After ten minutes, Kolo could no longer hold back the sound of his puffing. Thankfully, the Canadian prime minister had climbed on ahead. Surreptitiously, Kolo sat down on a small rock to regain his breath.

One of the prime minister’s entourage attempted to take a photograph. A stern military sentry impounded the camera and almost arrested the culprit. The incident allowed Kolo a few extra minutes of rest.

Just as he recommenced climbing, a wheezing and aggrieved minister of finance caught up with him.

“Hey!” the Canadian prime minister shouted from his position higher up the rock. “Glad you could join us.”

The minister shot him a look of profound disdain.

“News is bad today, Excellency,” he said.

“What this time?”

“Em … Something to do with purchase of shares, insider trading, tapping of funds,” the minister rolled his eyes heavenward in disbelief that these issues should cause any untoward coverage, “and other details of the contract with TransAqua.”

“Details? Of the contract?” Kolo’s heartbeat, already pounding and erratic, doubled in speed. He searched his minister’s face to see if he could spot any mention of the renaming of the Niger River, but the minister’s emotions were still roiling with condemnation of the media.

“Follow them up the rock,” Kolo commanded. “I’ll go back to the office and join all of you later. Apparently, they’d like a game of golf.” He slipped down the precipitous granite back to the level corridors of the governmental complex.

Once he had slammed the door to his office, Kolo loped to
his desk. A letter lay there, and he recognized its logo. In exquisite language, the World Bank informed him of their intent to pull out of the Kainji deal. Kolo had to act quickly before the World Bank’s intentions made their way to TransAqua.

He turned on the television news with trembling fingers. Corruption, water pricing, trading irregularities: he could explain all these concerns away. In countries like Nigeria, these were everyday offences that plagued every regime, whether military or democratic. Only one item could bury him—the most damaging discovery of all: the renaming of the Niger River. He would get Glass to deal with it. He reread the article. She would definitely need his help—another game of tit for tat.

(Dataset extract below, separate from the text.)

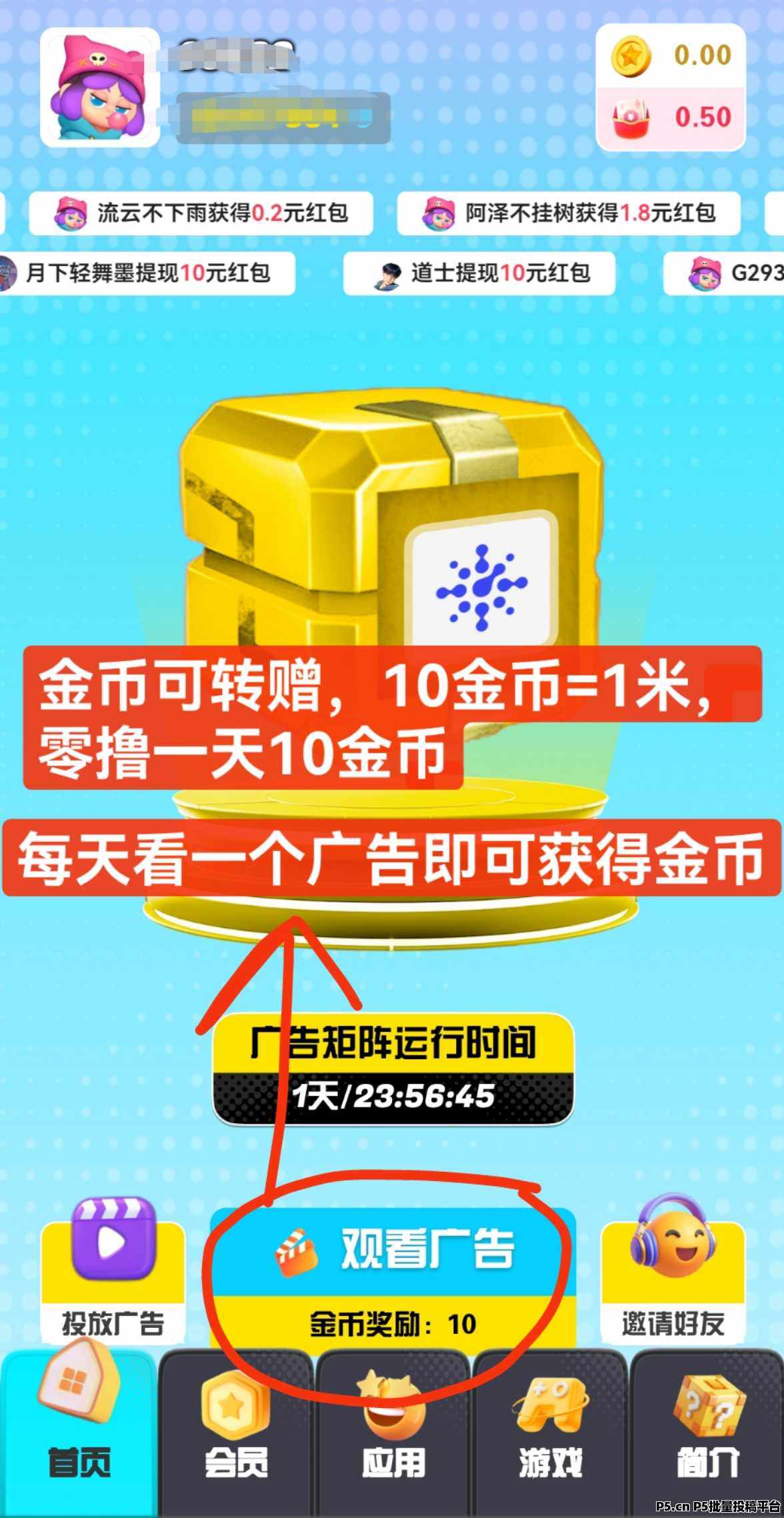 正文 广告联盟,每天仅需观看一个广告,零撸首码 生财有道0002316 V作者 /2025-05-10 22:18:33/1.43 K阅读 0510 广告联盟一一每天仅需看一个广告,零撸日撸1米+,直推收益10%。间推5%,邀请一好友最高奖励0.5-8.8现金红包,间推0.2开会员收益更高,10金币=1米,金币可转赠,直推收益10%。金币包回收,转赠手续费30%,会员10%目前还是内测锁粉,上线会通知,速速上车布局吃肉项目对接加q 211099499

As Mary scrolled through the website, she mentally ticked off the problems. The World Bank could deal with its issues regarding privatization and stipulations on the use of American contractors. Price, ownership of water and cost of doing business in Nigeria—the newspapers’ word for which was “corruption”—these terms and conditions differed little from other water contracts, save for their excess and audacity. PR would handle that.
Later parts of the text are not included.